Pattern recognition receptors from the Toll-like receptor (TLR) family are pivotal components of innate immunity, and have been shown to contribute to colon cancer formation. However, the molecular and cellular mechanisms underlying TLR-signaling in colon cancer remain unclear. The adapter protein Myeloid-differentiation factor 88 (MyD88) is shared between several TLRs and the Interleukin-1 receptor family. MyD88-deficiency protects mice from intestinal cancer formation in genetic models for colon cancer. The genetic mouse model presented here allows tissue-specific expression of MyD88, and thereby the dissection of the complex interaction between tumour and immune system during intestinal carcinogenesis.

Material and methods

Insertion of an 'intron-gene-trap' flanked with loxP motifs into the first intron of the MyD88 gene locus leads to global inactivation of myD88 expression (MyD88LSL), faithfully phenotyping a global gene knock-out. Tissue-specific re-expression of MyD88 in mice is mediated based on the Cre-recombinase. Breeding of MyD88LSL mice with LysMCre or pvillin-Cre mice leads to tissue-specific excision of the 'intron-gene-trap', retaining endogenous regulation of gene expression. MyD88 expression and successful reconstitution of TLR-signaling was detected in either myeloid cells (MyD88MYEL) or intestinal epithelial cells (MyD88IEC). Subsequently, these animals were mated with Apc1638N/+ mice, an established genetic mouse model for human colon cancer.


Global MyD88 deficiency dramatically decreased tumour incidence and aggressiveness in Apc1638N/+ mice.
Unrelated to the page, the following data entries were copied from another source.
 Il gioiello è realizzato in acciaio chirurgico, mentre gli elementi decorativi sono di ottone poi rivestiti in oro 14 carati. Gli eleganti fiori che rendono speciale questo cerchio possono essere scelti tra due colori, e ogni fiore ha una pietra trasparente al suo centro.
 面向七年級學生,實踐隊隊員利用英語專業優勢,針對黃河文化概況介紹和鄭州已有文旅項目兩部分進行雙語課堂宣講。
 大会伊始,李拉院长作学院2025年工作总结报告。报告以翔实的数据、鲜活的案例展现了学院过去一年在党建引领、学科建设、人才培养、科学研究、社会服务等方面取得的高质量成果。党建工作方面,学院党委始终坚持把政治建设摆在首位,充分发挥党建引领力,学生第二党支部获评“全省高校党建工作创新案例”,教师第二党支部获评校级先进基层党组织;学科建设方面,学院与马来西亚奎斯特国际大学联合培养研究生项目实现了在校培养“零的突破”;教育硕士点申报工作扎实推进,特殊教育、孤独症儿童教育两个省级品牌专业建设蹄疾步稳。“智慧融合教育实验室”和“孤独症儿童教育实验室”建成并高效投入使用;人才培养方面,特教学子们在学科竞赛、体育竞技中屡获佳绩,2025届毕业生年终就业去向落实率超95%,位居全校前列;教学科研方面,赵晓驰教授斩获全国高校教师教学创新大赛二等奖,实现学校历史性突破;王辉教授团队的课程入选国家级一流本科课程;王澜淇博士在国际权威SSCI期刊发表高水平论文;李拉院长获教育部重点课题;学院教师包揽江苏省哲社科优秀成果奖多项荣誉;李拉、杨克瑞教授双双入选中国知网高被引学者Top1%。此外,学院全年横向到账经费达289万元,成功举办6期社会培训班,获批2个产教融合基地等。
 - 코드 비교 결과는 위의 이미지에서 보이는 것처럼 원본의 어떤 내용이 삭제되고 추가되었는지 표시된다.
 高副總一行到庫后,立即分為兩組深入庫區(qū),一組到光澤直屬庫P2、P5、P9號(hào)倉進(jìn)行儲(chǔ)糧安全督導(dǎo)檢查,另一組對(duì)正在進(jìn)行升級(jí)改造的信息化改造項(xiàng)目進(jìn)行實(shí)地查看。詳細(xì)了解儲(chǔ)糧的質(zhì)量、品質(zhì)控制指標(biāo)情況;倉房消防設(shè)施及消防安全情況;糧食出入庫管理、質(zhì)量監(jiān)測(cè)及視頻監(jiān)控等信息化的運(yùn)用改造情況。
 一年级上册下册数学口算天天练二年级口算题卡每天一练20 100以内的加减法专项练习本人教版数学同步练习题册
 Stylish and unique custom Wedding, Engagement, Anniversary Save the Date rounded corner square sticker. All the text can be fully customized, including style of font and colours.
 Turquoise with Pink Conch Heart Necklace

Re-expression of MyD88 in intestinal epithelial cells only partially restored tumor formation. On the other hand, reconstitution of MyD88 expression in myeloid cells triggered tumour development virtually indistinguishable from parental Apc1638N/+ mice. Activation of the canonical Wnt signaling pathway, induced by loss of function of Apc, was independent of MyD88. In contrast, MyD88 expression was required for full activation of MAPK/ERK signaling in intestinal epithelial cells. Furthermore, our results suggest a pro-tumorigenic function for the pro-inflammatory cytokines IL-1beta and IL-6, which were produced in a MyD88-dependent fashion by myeloid cells.


MyD88-mediated signaling has pro-tumorigenic effects in both IECs and in myeloid cells, but via different mechanisms. Moreover, MyD88 function in myeloid cells is crucial for intestinal tumour development, and its inhibition may form a promising therapeutic strategy.